To understand why, note that the National Archives does not normally have the power to dip deep into the FBI or CIA’s reservoir of documents and declassify them; there’s a long process for that. The one exception: the federal law, passed in 1992, requiring the regular review and the eventual declassification of ALL documents related to the Kennedy assassination and its subsequent investigations. That law supersedes any administrative exemption that agencies can and do claim when processing mandatory declassification reviews or Freedom of Information Act requests. Usually, the agencies can get the Archives and its board of classification overseers to bend in the favor of redactions and withdrawals. Here, the presumption is in favor of revealing everything, including sources, methods, code words, operations, administrative caveats, private comments, investigative leads that didn’t pan out, even the ways its scientists analyze handwriting.
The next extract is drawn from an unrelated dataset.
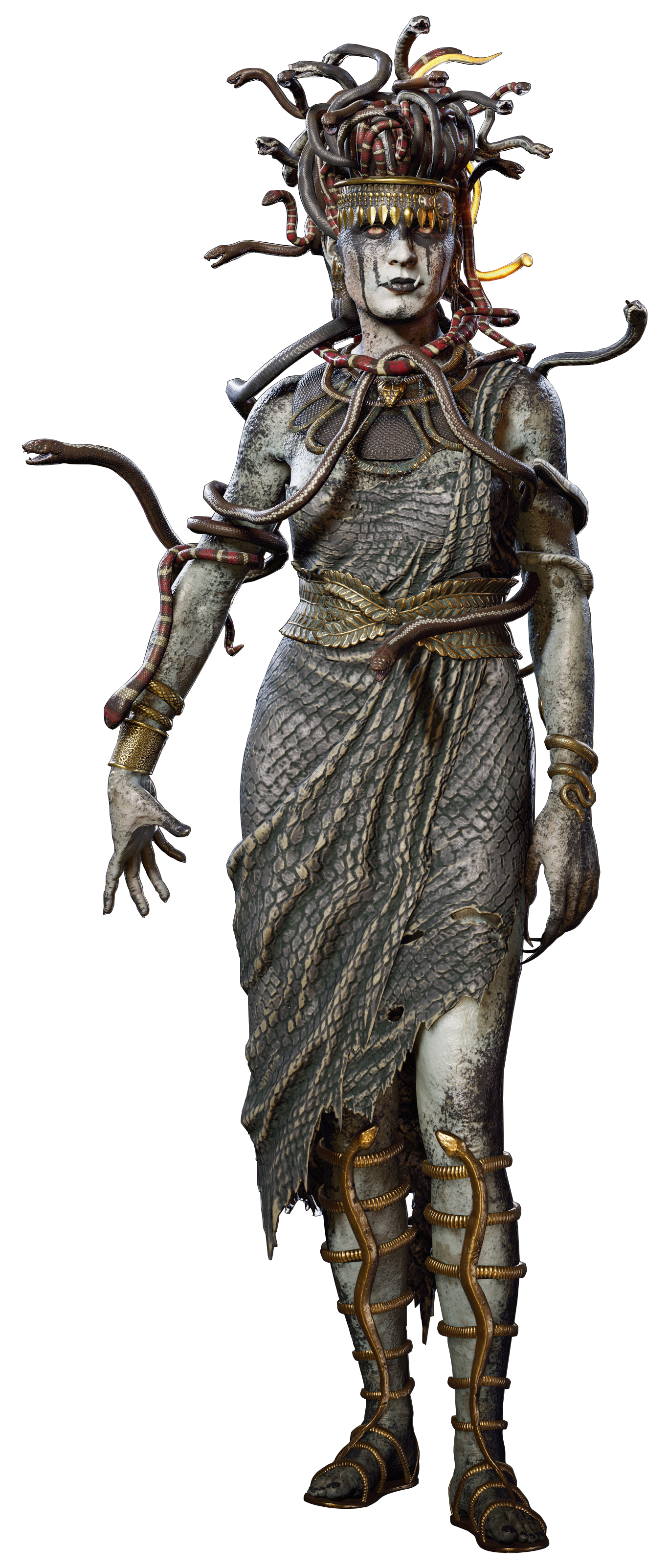 Ligeia (died c. 422 BCE) was a Daughter of Artemis who lived on Lesbos in the 5th century BCE. In the early years of the Peloponnesian War, she became the last victim of the Prize of the Medusa in the Petrified Temple on Lesbos. This was an Isu artifact which transformed humans into monsters resembling Medusa from the Greek myths, with serpentine hair and the ability to turn organic beings to stone. Known as Writhing Dread, Ligeia was ultimately slain by the mishios Kassandra when searching for her whereabouts on behalf of Ligeia's lover Bryce, after which the mercenary was able to contain the device and bring it to the gates of Atlantis.

Spycraft has evolved over six decades, but the CIA and FBI have tenaciously fought NARA over these document releases because many of the techniques used to collect information, to recruit and cajole sources, to categorize and assess raw intelligence, to deceive adversaries and detect propaganda, remain pretty much the same. The CIA still uses the many of the same country cryptonyms, for example. Anything US-related, for example, given a cryptonym that began with “OD” in the 1960s. Today, the cryptonyms for programs run domestically by the CIA still begin with OD. It costs a lot of money to change this stuff – and the CIA considers it very sensitive. (The CIA’s cryptonym for the FBI is…. ODENVY.)
Here are three secrets from the documents that inform our understanding of how intelligence works today.
1. The State Department Was (and is) Heavily Involved In Covert Action. By statute, the CIA carries out covert action on behalf of the government – that is, deniable subversion, paramilitary activities, or deception designed to influence the politics of a country that are visible but whose attribution can never be traced back to the agency. The State Department does, well, diplomacy.
But in truth, the two are joined at the hip, and not just because CIA case officers serve under State Department cover in embassies around the world. In fact, the State Department often helps set the priorities for specific covert operations. One document bears this out. It’s my favorite in the lot. Operation Mongoose was the cover name given to CIA efforts to overthrow Fidel Castro in the early 1960s, beginning with the Bay of Pigs and lasting through the Kennedy and Johnson administrations. NARA has released a 1962 task order for Mongoose that outlines both its goals and the sponsoring government agencies. For example, the State Department wants to “Obtain some special and significant action within the OAS organization against the Castro-Communist regime.” The Organization of American States, of course, was (and is) an ally of the U.S., working primarily with the State Department. The document shows that State used the CIA’s covert policy channel to influence OAS. It also shows that State has for years fought a particular redaction: one where they wish for the CIA to “Cause a major political action to take place in an influential Latin American country to worsen sharply that country’s relations with Cuba, to open [sic] rupture and criticism. Brazil is nominated.”
The task order enumerates the CIA’s often mundane requirements, like radio broadcasts, balloon deliveries of propaganda and sneaking mail into Cuba. The Defense Department, in contrast, wanted Mongoose money to “Intensify psychological operations at Guantanamo,” the slip of Cuba that the U.S. occupied after the Spanish-American war.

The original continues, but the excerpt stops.